North By Northwest (1959) Directed by Alfred Hitchcock
The title North By Northwest makes me think of the Austin festival South by Southwest every time. There is really no comparison between the film and the festival. The festival is all about bumping into your biggest musical hero at breakfast, playing your own show in tiny clubs or make-shift venues, watching way too many amazing bands play in a few days, too many parties, too many margaritas and never enough Austin food or good old sleep. North By Northwest is a classic piece of über-stylish cinema with well-fitting gray suits, figure-hugging dresses, cocktail hours, rich villains and Hitchcock's realization that romance is more important than telling a believable story about crooks.
I've seen North By Northwest before and come away a little disappointed. Perhaps I felt it was all surface and nothing underneath. This time around I had no such concerns, but could enjoy the suspense and the developing love story fully. Most of all the film is lovable for its perfected aesthetics. This is one of those films that makes smoking look way too classic, and drinking too – especially on trains.

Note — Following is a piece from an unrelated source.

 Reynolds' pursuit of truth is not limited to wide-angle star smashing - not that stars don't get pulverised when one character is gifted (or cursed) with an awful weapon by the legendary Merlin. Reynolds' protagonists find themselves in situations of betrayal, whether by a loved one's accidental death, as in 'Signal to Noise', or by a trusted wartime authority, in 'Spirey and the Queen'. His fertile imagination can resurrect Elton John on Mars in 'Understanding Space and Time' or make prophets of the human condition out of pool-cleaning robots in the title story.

Cary Grant is great in his role as the baffled but very clever advertising man, who becomes the target of the villains and a means to an end to the FBI. Sometimes Grant can just walk through a film looking good, but here his character is developed more and it makes the actor more interesting too. Eva Marie Saint is the usual (or should I say compulsory?) Hitchcock blond, but her open need to bed Thornhill (Grant) immediately and then later her Scandinavian-like stern love for him are nicely dished out by her. I'll watch it again sometime.
The pain of being blamed for something, or some action being attributed to myself, an action which one is completely innocent of, is trying. This applies to things you might say. Only this week, a quote of mine, passed on by someone to someone else, the someone else then claiming to be the receiver of said quote, passed the quote on to someone else (2), who passed on the quote to someone else (3). By the time someone else 3 passed the quote back to me, context and meaning had completely altered. So, I had to then spend time correcting the misquote and relieving myself of any unjust cause of discontent my misquote may have caused. You see how easily things get twisted?

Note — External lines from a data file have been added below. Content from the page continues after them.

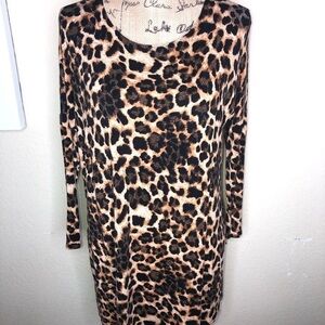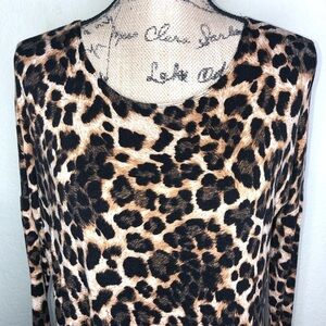 Fascination Leopard Print Black & Brown Tunic Top Size Medium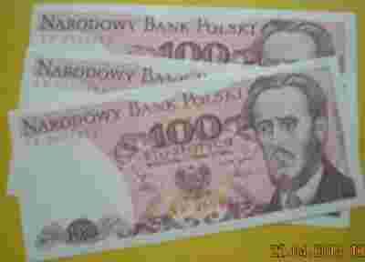3 szt. banknoty 100 zł z 1986 r.
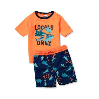 Lands' End Kids Chlorine Resistant Short Sleeve UPF 50 Rash Guard Swim Trunk Set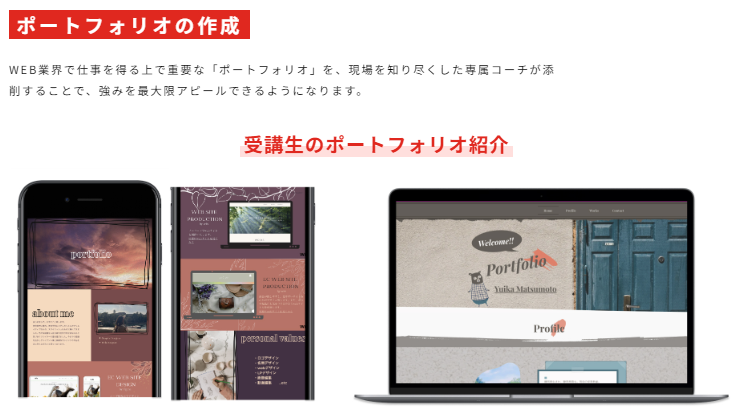 WEBCOACHは学習の進捗管理に加えて、制作物のレビュー、ポートフォリオ設計、案件獲得の練習や紹介の機会まで踏み込みやすいのが特徴です。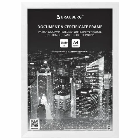 Рамка 21х30 см, дерево, багет 14 мм, BRAUBERG 'Elegant', белая, акриловый экран, 391294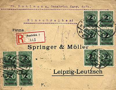 Inlandsbrief mit Einschreiben (1-20 g) vom 26.10.1923 frankiert mit 10 Marken a 2 Millionen Mark auf 300 Mark (=20 Millionen Mark, 10 Millionen Brief 10 Millionen Einschreiben) |

However much annoyance this may have caused me, it's nothing compared to the level of blame attributed to Roger O. Thornhill (Cary Grant) in North By Northwest. First, he's mistaken for someone else which leads him to being kidnapped, then he is force-fed copious amounts of alcohol and then almost murdered. Then he's wanted for a very public murder of which he's innocent, so he has to go on the run. Next Thornhill falls in love with the very forward Eve Kendall (Eve Marie Saint) who turns out to be the squeeze for the very dodgy Phillip Vandamm (James Mason) who was the guy who got Thornhill into this mess to start with. Confused? Just imagine how Roger feels, even though he is the most impeccably dressed advertising executive in the history of the movies.

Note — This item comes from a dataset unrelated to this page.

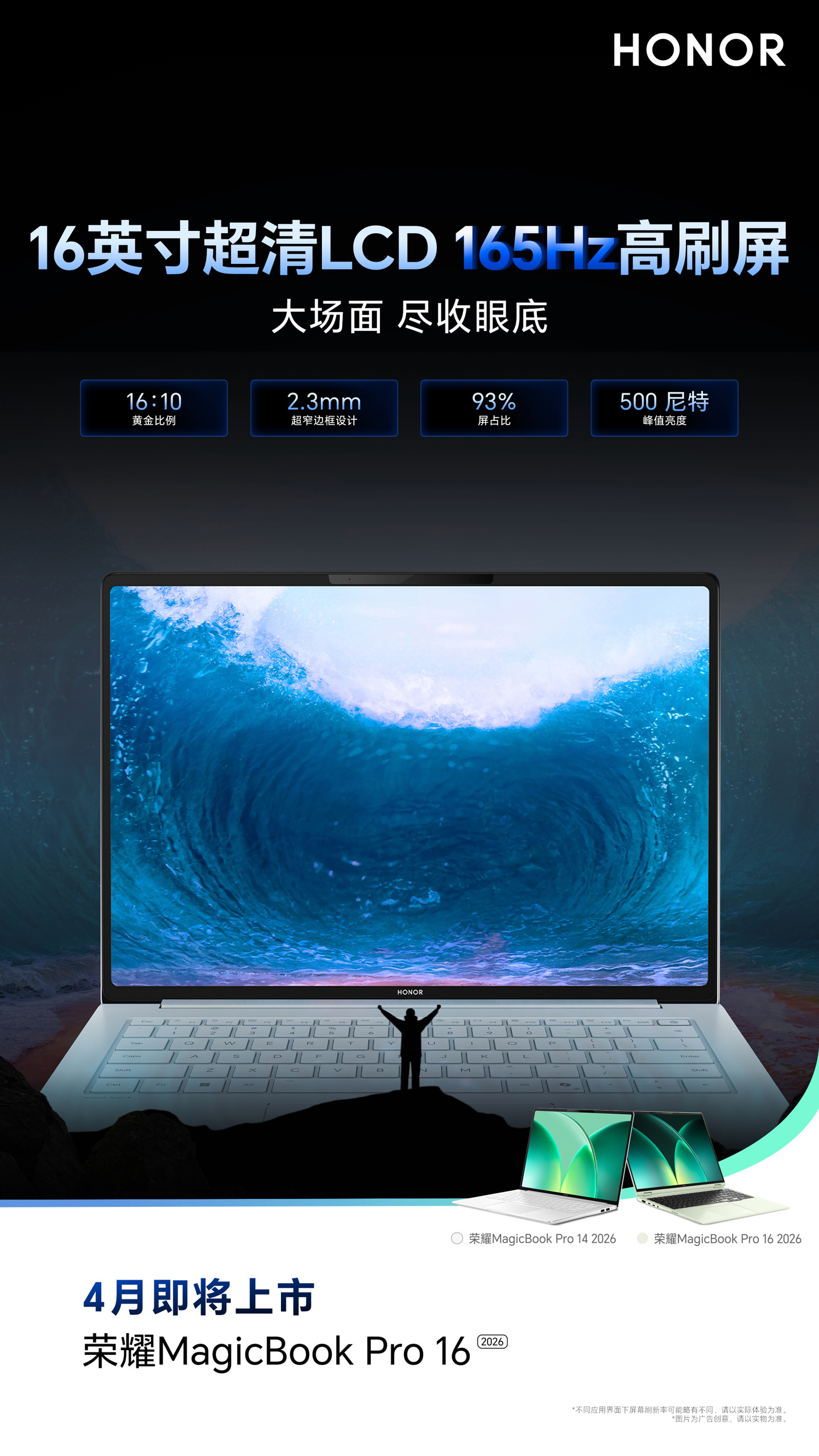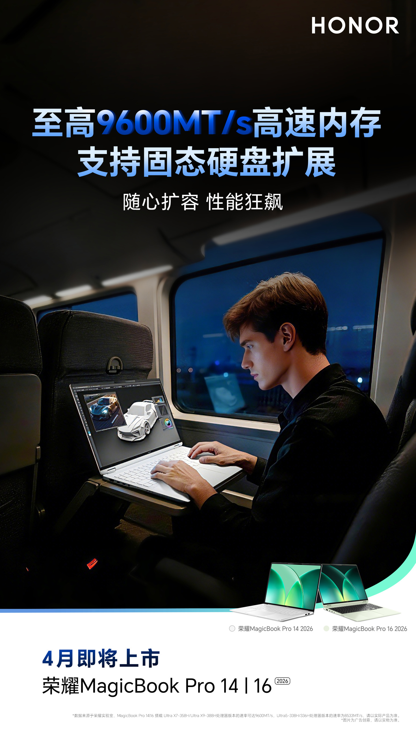 【即将发布,荣耀2026 款 MagicBook Pro 14 和 MagicBook Pro 16 配置汇总】MagicBook Pro 14 和 Pro 16 双尺寸📌 MagicBook Pro 14• 14.6 英寸 OLED 超清触控屏• 3120×2080 分辨率 + 120Hz 高刷• 3:2 办公比例,700 尼特峰值亮度• 配备 LR 抗反光涂层,观感更舒适📌 MagicBook Pro 16• 16 英寸 3K 级 LCD 高刷屏• 3072×1920 分辨率 + 165Hz 高刷• 16:10 比例,93% 高屏占比• 500 尼特峰值亮度全系搭载第三代英特尔酷睿 Ultra 处理器,可选 Ultra 5 338H / Ultra X7 358H / Ultra X9 388H,最高 88W 性能释放标配 92Wh 大容量电池,Pro 14 轻至 1.37kg,Pro 16 轻至 1.64kg,支持双 M.2 2280 硬盘扩展,最高 9600MT/s 高频内存两款都搭载荣耀绿洲护眼技术即将正式发布,这两款配置你感觉如何?

So North By Northwest, on this 20th or so viewing for me, just keeps getting better. Here Hitchcock presents us the essence of his style of film making. Hitchcock's imagination has never been so well visualized on the screen, the numerous iconic set peaces including the Mount Rushmore finale and the crop duster plane pursuing Grant. Still, Hitchcock finds enough space here to include weird shot after weird shot, without disrupting the flow. The black humor (Earnest Lehman supplies Hitchcock with one of his best scripts) is always on the money, the dialogue sharp. A great Bernhard Hermann score keeps the action moving. At the center of all this is Grant, the perfect leading man who knows how to wear a suit. North By Northwest sets the standard for all action/suspense thrillers to follow, it's still king. This is pure cinema entertainment, if you've somehow missed this, do yourself a favor.